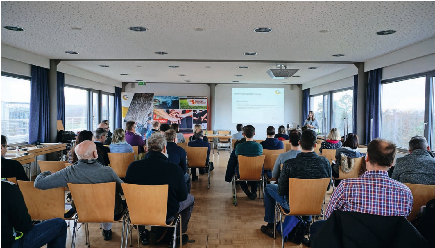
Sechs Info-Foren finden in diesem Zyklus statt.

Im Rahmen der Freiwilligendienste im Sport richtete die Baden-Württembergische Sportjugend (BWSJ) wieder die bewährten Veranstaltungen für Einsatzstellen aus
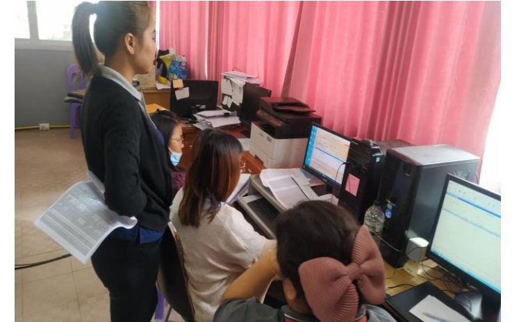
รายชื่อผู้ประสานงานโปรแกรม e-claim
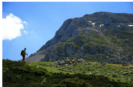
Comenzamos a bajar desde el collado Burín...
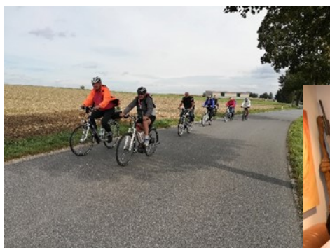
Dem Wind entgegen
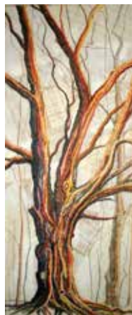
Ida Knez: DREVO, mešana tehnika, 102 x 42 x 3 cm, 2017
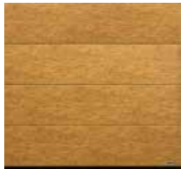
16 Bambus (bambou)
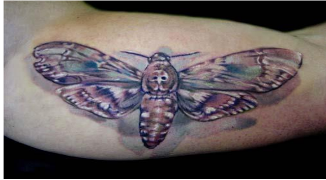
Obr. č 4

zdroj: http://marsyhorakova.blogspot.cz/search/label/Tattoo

==

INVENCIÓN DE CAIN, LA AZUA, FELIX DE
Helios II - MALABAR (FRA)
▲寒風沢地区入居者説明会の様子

Required work: Word for word, repeat the lines above from the one with "Dem Wind entgegen" through the one with "zdroj: http://marsyhorakova.blogspot.cz/search/label/Tattoo", and nothing beyond them. Omit the pictures.

Task result:
Dem Wind entgegen
Ida Knez: DREVO, mešana tehnika, 102 x 42 x 3 cm, 2017
16 Bambus (bambou)
Obr. č 4

zdroj: http://marsyhorakova.blogspot.cz/search/label/Tattoo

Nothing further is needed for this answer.